▸ **Task instructions**:
Set down, word for word, each line from the top of the data through the line that has "Landako II polikiroldegiko harrera"; omit every picture.

--- START ---

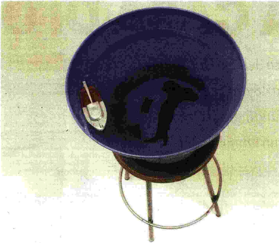
Un'opera di Innocente

L'«autonomia differenziata» è il più vasto e radicale progetto antimeridionale dell'Italia repubblicana. Ma Salvini sfonda lo stesso in Abruzzo e si avvia a vincere anche in Sardegna
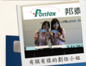
有模有樣的劃位小姐
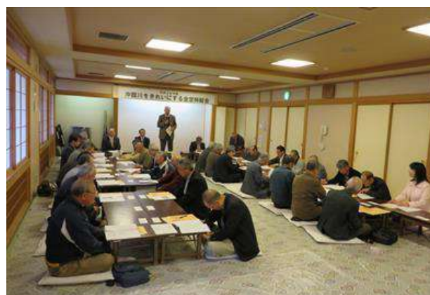
画像は、総会と総会終了後の懇親会の様子です。
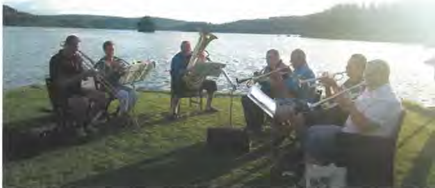
Bacchanaliska musiken på träningsläger i pastoral miljö.

Vid övriga Kapitel har repertoaren varierat, för att kulminera vid Barbarahögtiden med både kända och nyinstuderade musikstycken, allt till Brödernas förnöjelse.
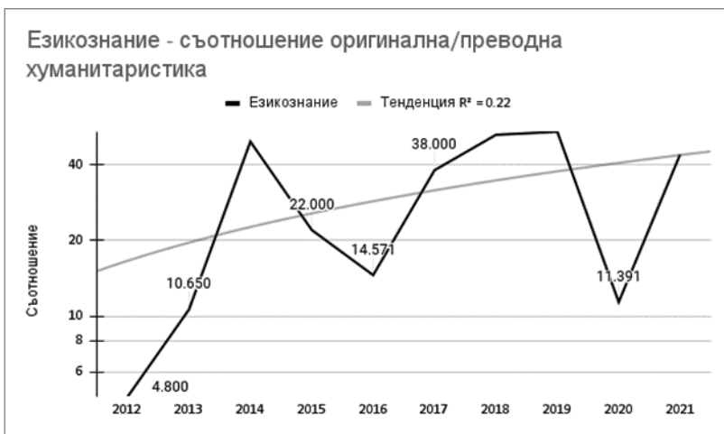
Диаграма 6. Категория езикознание – съотношение оригинална/преводна хуманитаристика
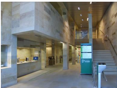
Landako II polikiroldegiko harrera
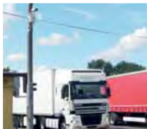
W Głownie na DK nr 14 zamontowano dwie kamery.

2 kamery monitorujące zawisły zatem na słupach sygnalizacji świetlnej w Głownie na skrzyżowaniu ulic Dorzeczej (DK nr 14) i Targowej oraz ulic Łódzkiej (DK nr 14) i Si-
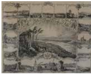
Der nassauische Rheingau, Lithographie um 1850
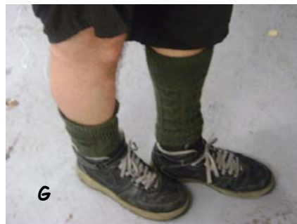
G Qui a le moral dans les chaussettes?
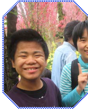
県内最高齢の112歳より可愛いチューリップの花束と。
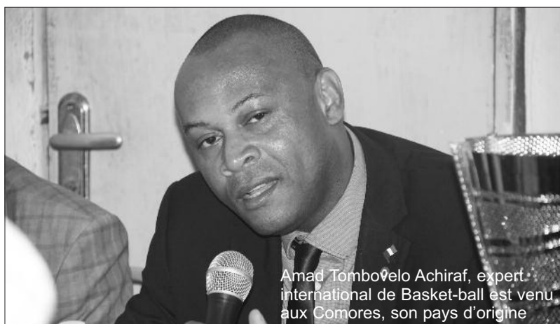
Amad Tombovelo Achiraf, expert international de Basket-ball est venu aux Comores, son pays d'origine

--- END ---

▸ **Task output**:
Un'opera di Innocente

L'«autonomia differenziata» è il più vasto e radicale progetto antimeridionale dell'Italia repubblicana. Ma Salvini sfonda lo stesso in Abruzzo e si avvia a vincere anche in Sardegna
有模有樣的劃位小姐
画像は、総会と総会終了後の懇親会の様子です。
Bacchanaliska musiken på träningsläger i pastoral miljö.

Vid övriga Kapitel har repertoaren varierat, för att kulminera vid Barbarahögtiden med både kända och nyinstuderade musikstycken, allt till Brödernas förnöjelse.
Диаграма 6. Категория езикознание – съотношение оригинална/преводна хуманитаристика
Landako II polikiroldegiko harrera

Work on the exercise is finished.